It was 40°C that day in Melbourne. We’d rented an Airbnb five minutes’ walk from South Yarra station. Now it seemed longer. The apartment was in a high-rise with access via a key in a lockbox. Sweat steaming my glasses, I struggled to align the entry code digits. The box clicked open but there was nothing inside. I poked at the empty space in disbelief. Then we noticed a bike rack garlanded with about 20 lockboxes. Kneeling in the dust, we tried one after another.
“You said there would be no problem,” my wife complained. It was time to contact the host, but roaming hadn’t kicked in on our phones. Frustrated, I grabbed my iPad and went in search of a cafe with free Wi-Fi. Two hours later, it was all sorted.
It’s unlikely we’ll use Airbnb again. After the hassle of airports and economy-class travel, we’re no longer up for the adventure of not knowing if we can access our lodgings and what we will find when we do. And we’re not alone.

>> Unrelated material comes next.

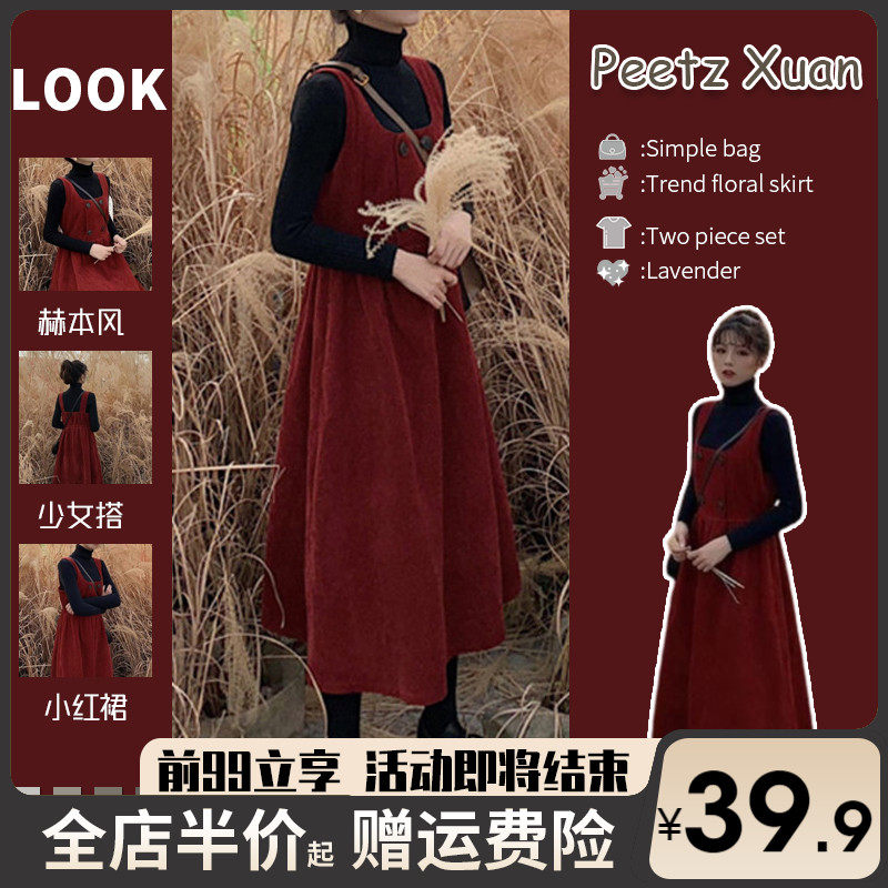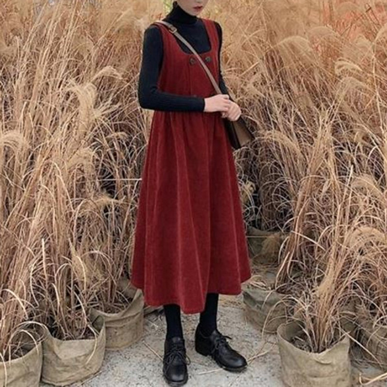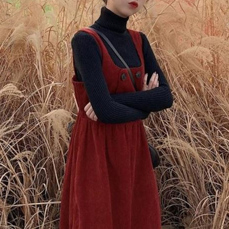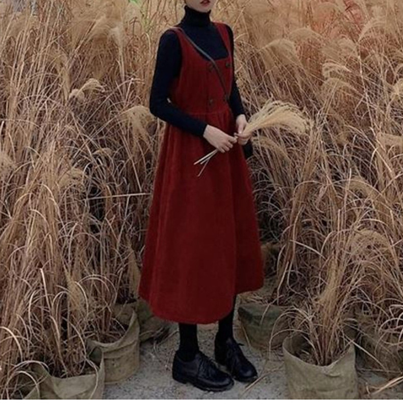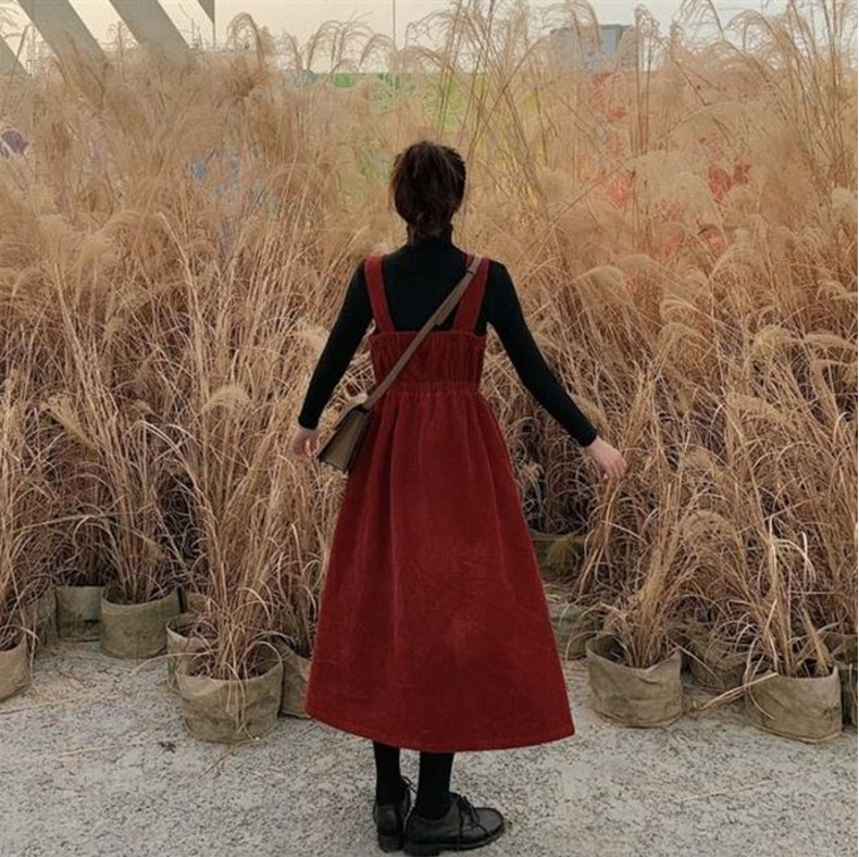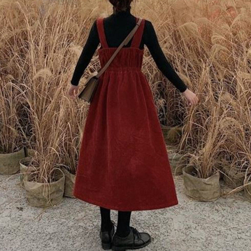 Вельветовые подтяжки, длинная юбка, ретро демисезонное платье, комплект, длина макси, коллекция 2023

There’s a growing disenchantment with Airbnb – once positioned as the alternative to impersonal, expensive hotels. In the US, hosts whose dreams of easy cashflow took a battering during Covid turned to social media early this year to vent about shrinking profit margins, partly caused by a glut of rentals. And around the world, local governments are clamping down on Airbnb and other short-term letting markets partly because of their contribution to high rental prices and the housing affordability problem.